(Dataset extract begins)

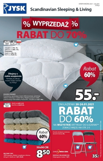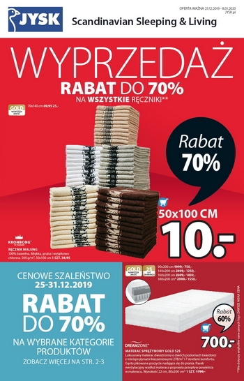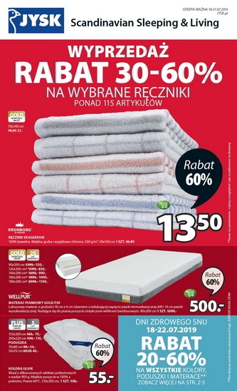 'Wyprzedaż' - nowa gazetka promocyjna sieci sklepów JYSK. Polecane promocje z gazetki Jysk: Rabat 30-60% na wybrane ręczniki. Rabat 20-60% na wybrane latarnie ogrodowe. Rabat 20-50% na wybrane biurka. Oferta ważna od czwartku 18.07…
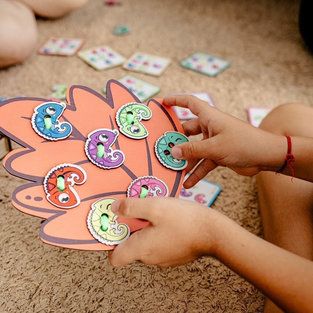 A atividade de alinhavar exige foco e paciência, ajuda a melhorar a atenção e concentração das crianças.
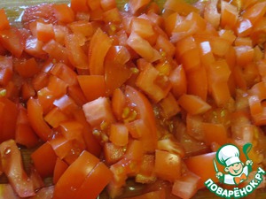 Помидор добавляем к луку, моркови и шампиньонам.
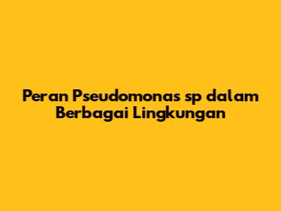 Peran Pseudomonas Sp Dalam Berbagai Lingkungan

(Dataset extract ends)

Please give again, exactly and only, the lines from the top of the listing above through the line that has "Помидор добавляем к", with pictures left out.

__Written answer__.
 'Wyprzedaż' - nowa gazetka promocyjna sieci sklepów JYSK. Polecane promocje z gazetki Jysk: Rabat 30-60% na wybrane ręczniki. Rabat 20-60% na wybrane latarnie ogrodowe. Rabat 20-50% na wybrane biurka. Oferta ważna od czwartku 18.07…
 A atividade de alinhavar exige foco e paciência, ajuda a melhorar a atenção e concentração das crianças.
 Помидор добавляем к луку, моркови и шампиньонам.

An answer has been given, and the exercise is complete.